Non-bonded atomic interactions are described using CSU program [1]
2. Topographical index (TOP). The TOP index estimates the structural micro-environment of a given interface residue and is
calculated as the ratio between structurally neighbor residues and the average number of residues that the given residue type
(e.g. Ala) interact with when located on a protein interface. Structurally neighbor residues are any residues
not belonging to the same chain whose carbon alpha is enclosed in a sphere of 10 Angstroms of radius centered on the carbon
alpha of the given residue. The average number of contacts by residue type is shown in table 1.
Table 1. (a) Average; (b) Standard deviation (click here to enlarge the table).

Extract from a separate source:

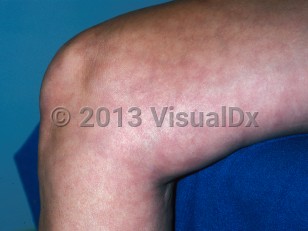 Congenital LR, known as cutis marmorata telangiectatica congenita (CMTC), presents with persistent LR that can involve the trunk or extremities. Generally, the mottled discoloration is limited to one extremity but can be more generalized. There may be a sharp demarcation at midline with truncal involvement. CMTC is sporadically inherited (or autosomal dominant) and can be associated with limb, facial, and spine anomalies along with cutaneous atrophy. The vascular changes of the skin may improve during the first few years of life and resolve completely in approximately 20% of children with CMTC.
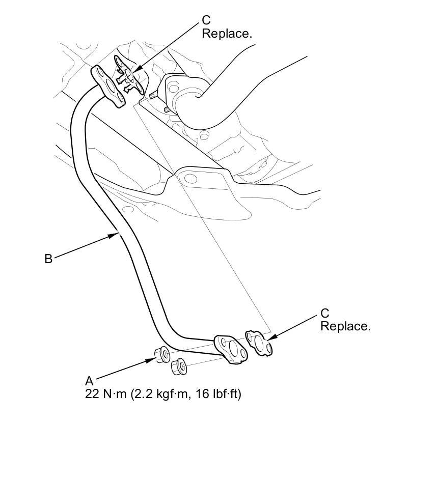 6. Install the parts in the reverse order of removal with new gaskets (C).

3. CON index. The CON index refers to the evolutionary conservation of residues that are in contact with a
given interface residue. To analyze the conservation, sequence profiles are derived as described in our previous work
[2]. In short, homologous sequences are culled from NR database of NCBI [3]
using five iterations of PSI-BLAST [4] with an E-value of 0.0001. The homologous sequences are then
filtered using ParseBlast [5] with default parameters to maximize the sequence sampling avoiding bias
toward overrepresented protein families. The resulting sequence profile are given to al2co program [6]
as an input and the al2co sequence conservation score is assigned to each individual residue. Finally, for a given interface residue i,
the CON index is the ration between residues with an al2co_score greater or equal to 1.0 and the total number of residues in
contact with residue i.
4. ANCCON index. The ANCCON index refers to the raw al2co[6] sequence conservation
score applied to each individual interface residue.
5. 3DCON index. The 3DCON index is equivalent to the CON index but the al2co sequence conservation score is
substituted by the 3D regional conservation scores as defined by Landgrad et al.[7], therefore this index
quantifies structurally conserved patches.
6. ANC3DCON index. The ANC3DCON index is equivalent to the ANCCON index but using the 3D regional conservation
score as conservation measure.
7. BE index. the BE index is equivalent to an in silico Alanine scanning. Each interface residue is mutated
to Alanine and the effect of such mutation in the stability of the protein complex is estimated using FoldX[8].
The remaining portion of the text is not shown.